This guy appears pretty sound. Avoid the ones who talk about mystical forces and magical mumbo jumbo. (Also avoid the Taoist Tai Chi Society). 

Very best wishes and keep us informed of your progress.


----------



## mograph (Aug 26, 2010)

Yep, sounds good to me, too ... mostly because he's willing to share information with your doctor. Let us know how it goes.


----------



## HammockRider (Aug 30, 2010)

Thanks for your replies. I've had a few classes and I have to say that I like it. I'm learning qi qong exercises right now and soon I'll be learning Wu Tai Chi. I never considered myself the martial art type, whatever that means, but I think that I might want to continue this even after I've resolved my health issues. It's fun and interesting.

  I like the atmosphere in class. Everyone seems pretty friendly but also hard working. The instructor seems like a good guy. He has time for all his students and there is no mumbo jumbo. I think I made a good choice.


----------



## mograph (Aug 30, 2010)

Sounds good. Where are you studying?


----------



## HammockRider (Aug 30, 2010)

I live in Chicago. I'm studying right here...http://www.sevenstarmantis.com/


----------



## oaktree (Aug 30, 2010)

Theory.

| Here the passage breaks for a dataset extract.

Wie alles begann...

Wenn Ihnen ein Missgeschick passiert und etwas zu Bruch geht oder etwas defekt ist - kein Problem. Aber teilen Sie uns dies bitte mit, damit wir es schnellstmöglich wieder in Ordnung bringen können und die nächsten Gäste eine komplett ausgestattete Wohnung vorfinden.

How many don't teach San Bao and Jing luo theory.

Avoid the Mystical Qigong talk unless its in a mythology religious manner.

Be cautious of the one who knows many many styles.
Be cautious of the one who teaches sexual Qigong.

Hehe avoid the Taoist Tai chi society hehe.

I am sure I am forgetting things.
I have been busy lately.


----------



## HammockRider (Aug 31, 2010)

Thanks oaktree.


----------